Il motore dell'Opel Astra OPC
La compatta di Rüsselsheim può contare sulla bellezza di 280 CV e coppia di 400 Nm
OPC, acronimo di Opel Performance Center, è una sigla che dalle parti di Rüsselsheim fa rima con "prestazioni massime" e "sportività". Si possono fregiare di tale marchio solo le più prestanti auto del fulmine, equipaggiate con motori potenti e cattivi. Non fa certo eccezione la nuova Opel Astra OPC, versione più performante della compatta tedesca, vista per la prima volta allo scorso Salone di Ginevra.

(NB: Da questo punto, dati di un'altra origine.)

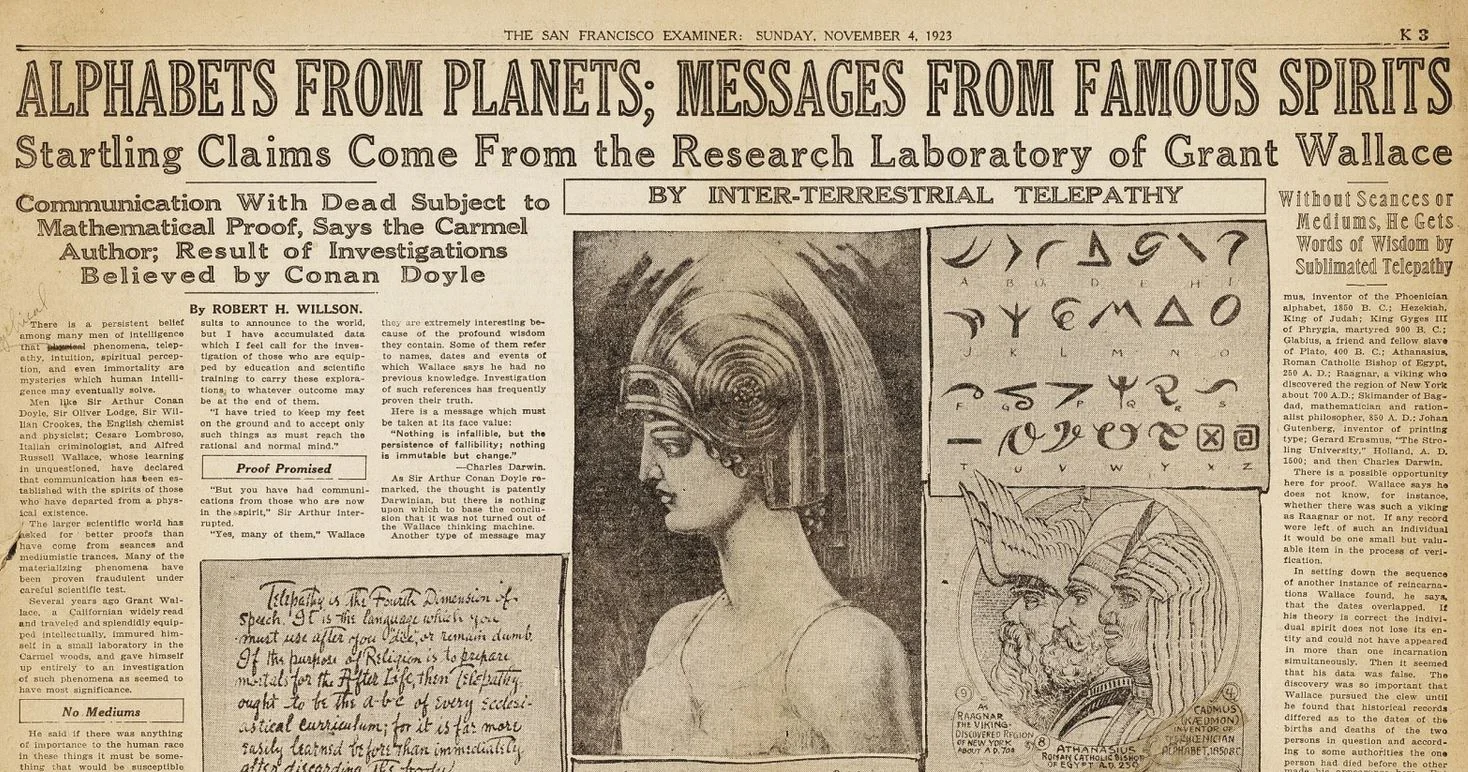 Pero Wallace fue más allá de la Teosofía. Sante señala que la «lista temprana de contactos astrales de Wallace incluye a egipcios, antiguos griegos, vikingos, atlantes; Hipócrates, Thomas Jefferson, Thomas Paine, Charles Dickens, Charles Darwin y la socióloga Harriet Martineau… Sin embargo, al poco tiempo, comenzó a recibir comunicaciones de lugares más lejanos, empezando por los demás planetas del sistema solar. Compiló alfabetos en Mercurio, Venus (dos niveles sociales), Marte, Júpiter, Saturno, Neptuno y Titánico, pertenecientes a la luna más grande de Urano. Y luego comenzó a recibir noticias de entidades en el ‘noveno planeta’, Azoth, y finalmente de seres en planetas de la estrella Altair, el cúmulo estelar de las Pléyades y la galaxia de Andrómeda».
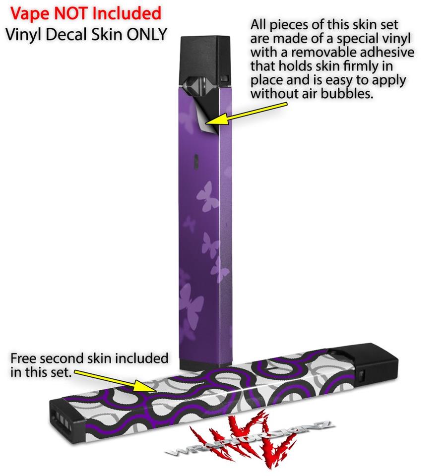 Skin Decal Wrap 2 Pack for Juul Vapes Bokeh Butterflies Purple JUUL NOT INCLUDED

Sotto il suo cofano infatti si nasconde il 4 cilindri benzina con più coppia disponibile sul mercato europeo. I Nm sono infatti 400, ben 200/l, valori quasi degni di un Diesel, ma con la possibilità di sfruttamento che va da 2.450 a 5.000 giri. Altro valore davvero degno di nota è quello relativo alla potenza: i cavalli a disposizione sono infatti ben 280. Tradotto nel linguaggio delle mere prestazioni significa accelerazione da 0 a 100 in 6 secondi. Numeri davvero importanti, uniti a consumi ed emissioni ridotti del 12% rispetto alla generazione precedente.
Il motore dell'Astra OPC, derivato dal 2 litri turbo da 220CV dell'Insignia, è stato infatti rivisto profondamente non solo per renderlo più potente, ma anche per fargli bruciare meno benzina. Grazie anche all'adozione del sistema Start/Stop 100 km richiedono 8,1 litri di verde, con emissioni di CO2 pari a 189 g/km.